Cliquez et admirez de près le plafond de la chapelle Sixtine du Vatican. Cliquez à nouveau et rejoignez des milliers de pèlerins qui prient et tournent autour de la Kaaba en forme de cube sur le site le plus sacré de l’Islam. Vous pouvez aussi enfiler un casque et pénétrer dans la ville sainte de Jérusalem.
Vous y entendrez le murmure des prières juives au Mur occidental ou des milliers de fidèles disant amen à l’unisson à la mosquée Al-Aqsa. Vous pourrez même allumer une bougie virtuelle sur le site où les chrétiens croient que Jésus est sorti de sa tombe.
Et tout cela sans jamais quitter votre domicile.
Les fidèles, les touristes et les visiteurs du monde entier participent de plus en plus à des activités religieuses en réalité virtuelle et à des pèlerinages sur certains des sites les plus sacrés de la planète. Ces expériences font partie des nombreux espaces en évolution dans le métavers, un monde virtuel immersif où les gens peuvent se connecter via des avatars, qui ont gagné en popularité pendant la pandémie.
« Nous pensons que la réalité virtuelle est, si vous voulez, le nouvel internet, la nouvelle façon pour les gens de ne pas regarder les choses passivement sur l’écran et de simplement cliquer sur des photos et des vidéos, mais de se téléporter réellement », a déclaré Nimrod Shanit, PDG de HCXR et Blimey, les producteurs de The Holy City, une expérience immersive de RV qui permet aux gens de visiter les sites les plus sacrés de Jérusalem.

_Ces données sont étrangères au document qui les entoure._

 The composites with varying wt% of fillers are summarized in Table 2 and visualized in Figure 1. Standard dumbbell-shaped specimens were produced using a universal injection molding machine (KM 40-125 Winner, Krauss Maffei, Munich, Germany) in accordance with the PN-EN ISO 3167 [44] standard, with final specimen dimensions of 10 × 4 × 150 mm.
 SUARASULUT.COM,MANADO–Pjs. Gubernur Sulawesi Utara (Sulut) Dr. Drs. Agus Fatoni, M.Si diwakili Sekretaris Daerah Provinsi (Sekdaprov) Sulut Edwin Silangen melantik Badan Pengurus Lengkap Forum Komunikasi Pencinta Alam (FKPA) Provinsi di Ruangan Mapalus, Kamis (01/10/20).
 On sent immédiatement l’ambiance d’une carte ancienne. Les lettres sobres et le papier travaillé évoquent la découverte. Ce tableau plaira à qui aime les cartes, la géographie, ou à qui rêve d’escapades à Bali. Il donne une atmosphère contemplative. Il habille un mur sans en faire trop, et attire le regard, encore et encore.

Les participants « ont une idée des différents rituels, de la culture, de l’architecture et du monde sans avoir à dépenser des tonnes d’argent pour voyager et contribuer aux émissions mondiales de carbone », a déclaré M. Shanit.
À l’aide d’une caméra à 360 degrés, d’un scanner lidar et de sa formation de photojournaliste, Shanit a commencé en 2015 à capturer des vidéos et des photos de festivals religieux et de lieux saints chrétiens, islamiques et juifs dans sa ville natale de Jérusalem. Il a ensuite assemblé les séquences et les images numériquement pour créer une expérience visuellement immersive.

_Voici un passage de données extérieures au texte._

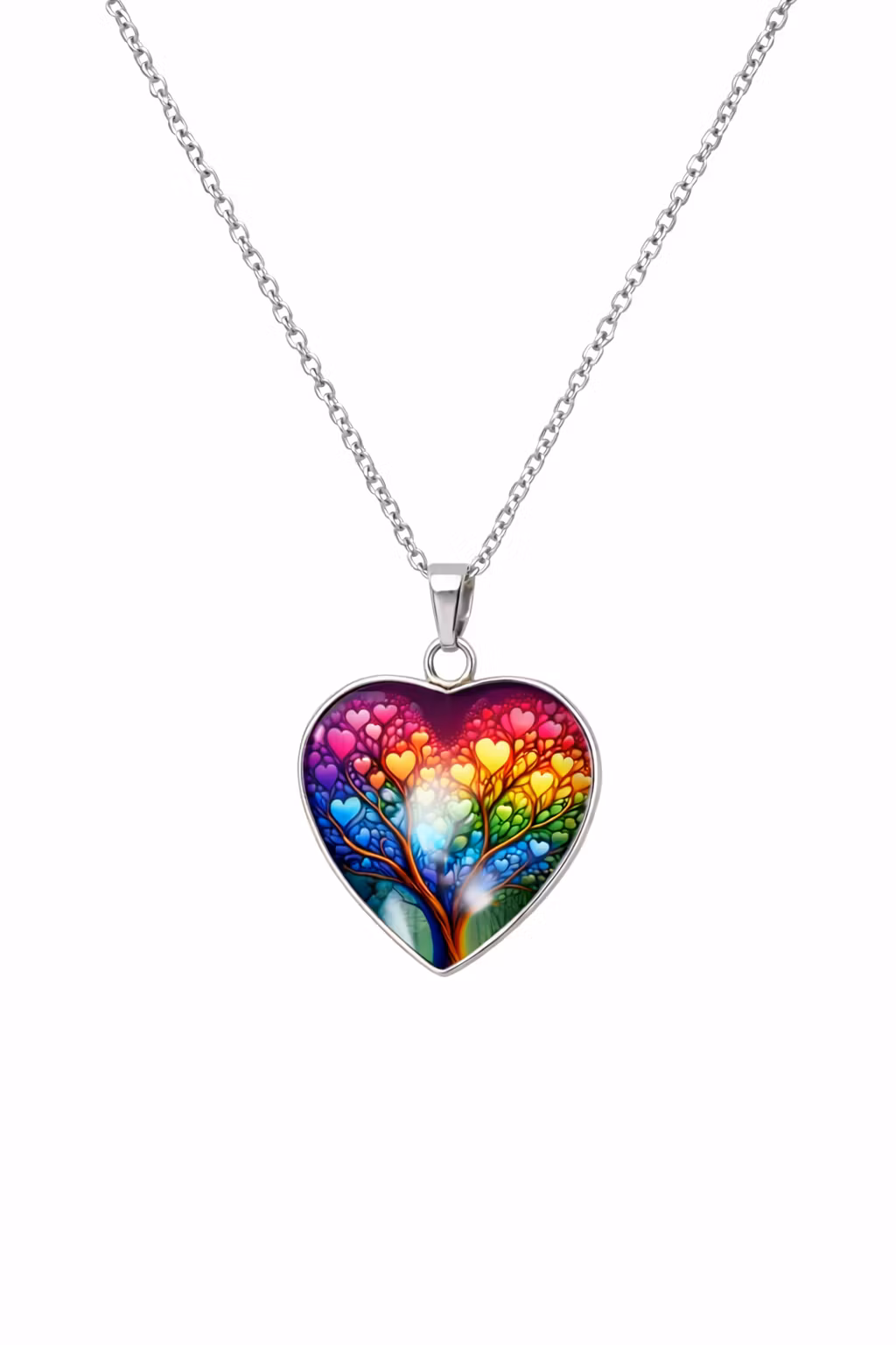 Et symbol på kjærlighet, mangfold og livskraft. Dette hjerteformede smykket kombinerer et fargerikt tre med regnbuefargede hjerteblader – et visuelt uttrykk for både naturens skjønnhet og fellesskapets styrke. Perfekt som gave, statement eller personlig påminnelse om trygghet og tilhørighet.

Les pèlerins virtuels peuvent suivre les religieux orthodoxes qui sortent de l’église du Saint-Sépulcre lors de la cérémonie du feu sacré, avec des bougies allumées par un feu que les fidèles considèrent comme un message divin. Ils entendront également les cloches sonner et les chants de « Le Seigneur est ressuscité ! » en plusieurs langues. Ils pourront glisser une note de prière dans une fissure du mur occidental ou suivre les pas de milliers de fidèles pendant le ramadan à la mosquée Al-Aqsa.
Pour restituer avec précision les détails de Jérusalem dans l’espace virtuel, les développeurs ont scanné les lieux saints et une grande maquette physique réalisée au XIXe siècle, prêtée par le musée de la Tour de David de la ville. Les utilisateurs peuvent survoler cette maquette numérique, ce qui leur permet d’accéder à des images grandeur nature de la ville par différentes portes menant à la cathédrale Saint-Jacques et à l’église du Saint-Sépulcre, au Mur occidental, au Dôme du Rocher et à la mosquée Al-Aqsa.

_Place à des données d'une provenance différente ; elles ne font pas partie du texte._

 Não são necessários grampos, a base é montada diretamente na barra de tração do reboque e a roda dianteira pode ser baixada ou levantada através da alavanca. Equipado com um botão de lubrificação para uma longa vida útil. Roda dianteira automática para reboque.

Shanit, qui est juif, et ses deux partenaires – l’un musulman, l’autre chrétien – espèrent que la Ville sainte pourra favoriser le dialogue et la compréhension entre les religions.
De nombreux Américains – certains traditionnellement religieux, d’autres non – communiquent de plus en plus spirituellement par le biais de la réalité virtuelle. Dans le monde entier, les gens peuvent également découvrir des sites sacrés de l’hindouisme, du bouddhisme et d’autres religions grâce à des vidéos à 360 degrés, des cartes virtuelles et des temples en 3D.
Experience Makkah utilise la modélisation 3D pour permettre aux utilisateurs de tourner autour du bâtiment de la Kaaba, de rencontrer des pèlerins en prière vêtus de vêtements en éponge blanche, de découvrir les rituels et d’explorer d’autres sites importants. Parmi eux, le mont Arafat, la colline désertique voisine où le prophète Mahomet a prononcé son dernier sermon il y a près de 1 400 ans.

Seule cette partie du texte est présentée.